ABSTRACT OF THE DISSERTATION
The Struggle is Real: Student Perceptions of Quality in Online Courses using the Community of Inquiry (CoI) Framework
Doctor of Education in Educational Leadership
University of California, San Diego, 2016
California State University, San Marcos, 2016
Carolyn Huie Hofstetter, Chair
California is in an educational drought and is facing a “college deficit” of college graduates. By 2030, it is anticipated that California will have a 1.1 million shortage of college-educated workers (Diaz, 2015). The struggle is real for people who want to get into college and for those who are in college trying to complete their higher education degree. As learners progress through the higher education system, various obstacles may happen in their lives to derail and divert their path to degree completion. To fulfill that desire, an increasing number of students are taking online courses and/or participating in online degree programs. The number of students taking online courses has increased for the 13th consecutive year (Allen & Seamans, 2016). This puts tremendous pressure on higher education faculty and administrators to demonstrate that online courses are equal to or better than face-to-face courses in terms of quality and student success due to the scrutiny about the quality of online courses by faculty, students, administrators, accrediting bodies, and legislatures.
One of the ways to examine the quality of instruction is to evaluate levels of social, teaching, and cognitive presence in online courses.

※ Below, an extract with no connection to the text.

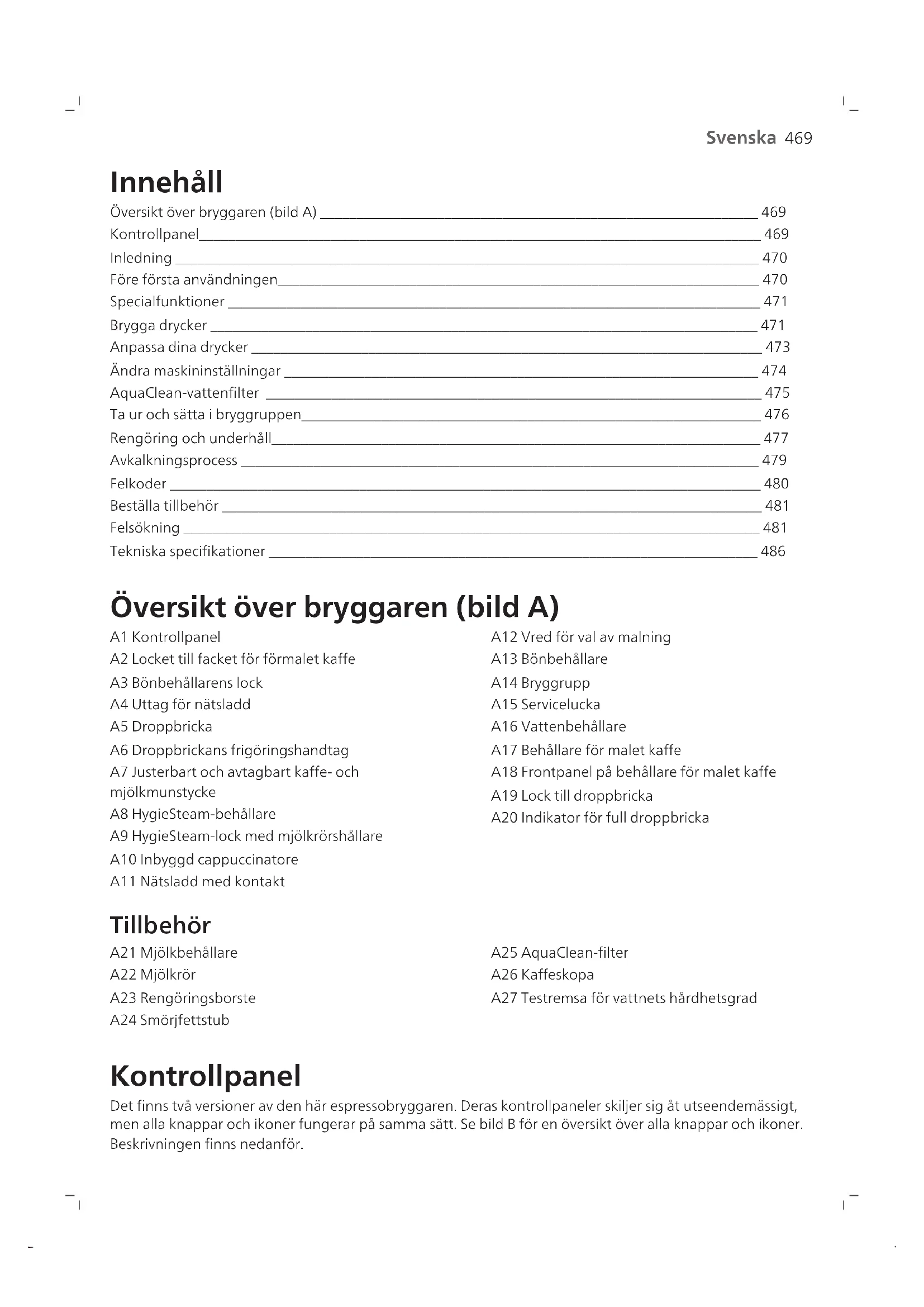 Svenska Innehåll Översikt över bryggaren (bild A) ____________________________________________________________ 469 Kontrollpanel_____________________________________________________________________________ 469 Inledning ________________________________________________________________________________ 470 Före första användningen__________________________________________________________________ 470 Specialfunktioner _________________________________________________________________________ 471 Brygga drycker ___________________________________________________________________________ 471 Anpassa dina drycker ______________________________________________________________________ 473 Ändra maskininställningar _________________________________________________________________ 474 AquaClean-vattenfilter ____________________________________________________________________ 475 Ta ur och sätta i bryggruppen_______________________________________________________________ 476 Rengöring och underhåll___________________________________________________________________ 477 Avkalkningsprocess _______________________________________________________________________ 479 Felkoder _________________________________________________________________________________ 480 Beställa tillbehör __________________________________________________________________________ 481 Felsökning _______________________________________________________________________________ 481 Tekniska specifikationer ___________________________________________________________________ 486 Översikt över bryggaren (bild A) A1 Kontrollpanel A2 Locket till facket för förmalet kaffe A3 Bönbehållarens lock A4 Uttag för nätsladd A5 Droppbricka A6 Droppbrickans frigöringshandtag A7 Justerbart och avtagbart kaffe- och mjölkmunstycke A8 HygieSteam-behållare A9 HygieSteam-lock med mjölkrörshållare A10 Inbyggd cappuccinatore A11 Nätsladd med kontakt A12 Vred för val av malning A13 Bönbehållare A14 Bryggrupp A15 Servicelucka A16 Vattenbehållare A17 Behållare för malet kaffe A18 Frontpanel på behållare för malet kaffe A19 Lock till droppbricka A20 Indikator för full droppbricka Tillbehör A21 Mjölkbehållare A22 Mjölkrör A23 Rengöringsborste A24 Smörjfettstub A25 AquaClean-filter A26 Kaffeskopa A27 Testremsa för vattnets hårdhetsgrad Kontrollpanel Det finns två versioner av den här espressobryggaren. Deras kontrollpaneler skiljer sig åt utseendemässigt, men alla knappar och ikoner fungerar på samma sätt. Se bild B för en översikt över alla knappar och ikoner. Beskrivningen finns nedanför.470 Svenska Bläddra i displayen med uppåt- och nedåtpilarna och tryck på OK för att välja eller bekräfta ditt val. B1 På/av-knapp B2 Dryckesikoner B3 CoffeeMaestro-ikon B4 Meny med fler drycker B5 Start/stopp-knapp B6 Navigeringsikoner (uppåt, nedåt, bakåt, ok) B7 Display B8 Bryggarinställningar B9 Rengöringsmeny B10 Personliga profiler Inledning Grattis till ditt köp av en helautomatisk Saeco-kaffemaskin! För att dra maximal nytta av den onlinesupport som Saeco erbjuder går du till www.saeco.com/MyCoffeeMachine för att registrera din produkt. Obs! Den här bryggaren har testats med riktigt kaffe. Även om den har rengjorts mycket noggrant kan det finnas vissa kafferester kvar. Men, vi garanterar dig att din bryggare är helt ny. Före första användningen

Using the Community of Inquiry (CoI) framework, this study looked at the perceptions of quality from the student viewpoint. The literature review revealed there is little research that looks at quality through the lens of a student. This is the first study to investigate all three elements of the Community of Inquiry (CoI) framework operationalized through the California State University (CSU) Quality Online Learning and Teaching (QOLT) instrument. The survey instrument measures undergraduate student perceptions of social, teaching, and cognitive presence in addition to accessibility, technology, and user support elements. The data from the 113 participants matriculating at a mid-sized, four-year university indicate that undergraduate students perceived the courses with all three elements of social, teaching, and cognitive presence to be high quality courses. The data from a single undergraduate instructor illustrates the importance of developing student-focused courses with social, teaching, and cognitive presence. Limitations, implications, and areas for future research are presented.